==== Extracted information

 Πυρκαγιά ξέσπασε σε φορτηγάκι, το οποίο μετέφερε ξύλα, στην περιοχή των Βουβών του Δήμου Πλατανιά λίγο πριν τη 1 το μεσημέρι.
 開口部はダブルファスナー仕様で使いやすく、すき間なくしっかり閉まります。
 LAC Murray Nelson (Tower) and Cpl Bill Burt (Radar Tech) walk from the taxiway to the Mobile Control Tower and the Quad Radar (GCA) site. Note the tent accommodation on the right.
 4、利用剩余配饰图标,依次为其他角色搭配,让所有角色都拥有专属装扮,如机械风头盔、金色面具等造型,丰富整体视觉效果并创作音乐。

========
==== Extracted information

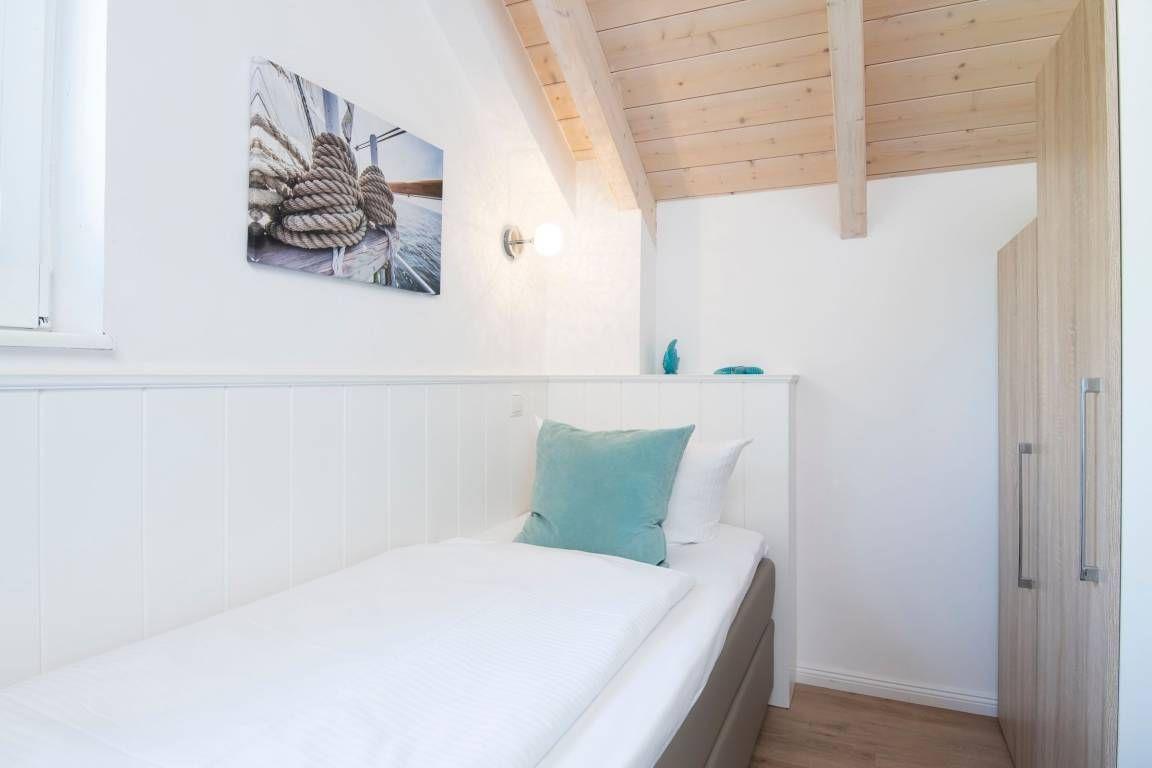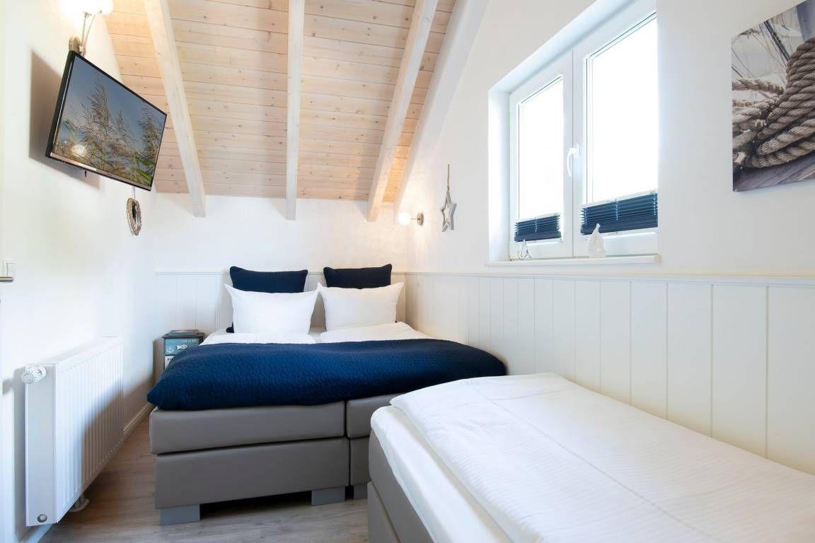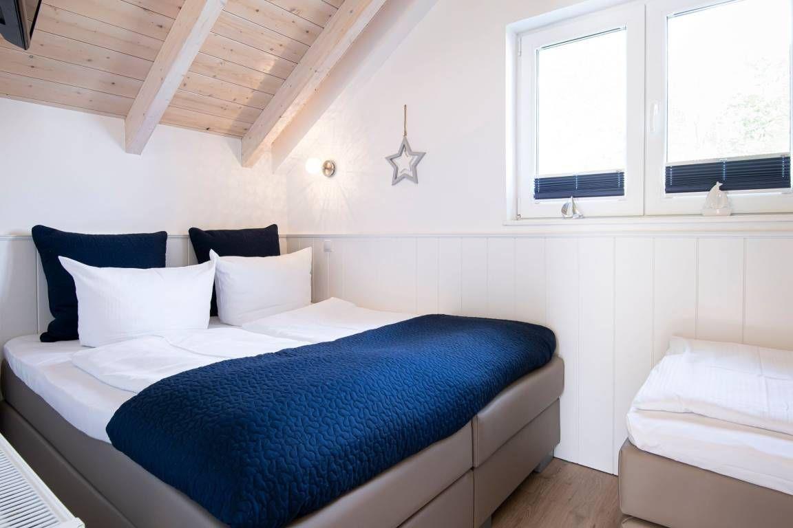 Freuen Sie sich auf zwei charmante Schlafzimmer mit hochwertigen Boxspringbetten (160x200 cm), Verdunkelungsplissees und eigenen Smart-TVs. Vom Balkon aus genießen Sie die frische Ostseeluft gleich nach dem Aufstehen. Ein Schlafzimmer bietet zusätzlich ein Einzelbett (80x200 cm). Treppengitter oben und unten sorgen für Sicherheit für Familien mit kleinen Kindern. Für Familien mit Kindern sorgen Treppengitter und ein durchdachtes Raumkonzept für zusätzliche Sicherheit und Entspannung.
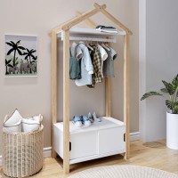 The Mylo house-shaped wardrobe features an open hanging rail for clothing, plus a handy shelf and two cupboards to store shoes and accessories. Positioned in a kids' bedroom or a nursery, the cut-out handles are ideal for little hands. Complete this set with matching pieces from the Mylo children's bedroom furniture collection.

========

Starting at the line that has "LAC Murray Nelson" in the records above, restate word for word every line until the one that has "4、利用剩余配饰图标,依次为", and include that one as well.

* _Solution to this problem_
 LAC Murray Nelson (Tower) and Cpl Bill Burt (Radar Tech) walk from the taxiway to the Mobile Control Tower and the Quad Radar (GCA) site. Note the tent accommodation on the right.
 4、利用剩余配饰图标,依次为其他角色搭配,让所有角色都拥有专属装扮,如机械风头盔、金色面具等造型,丰富整体视觉效果并创作音乐。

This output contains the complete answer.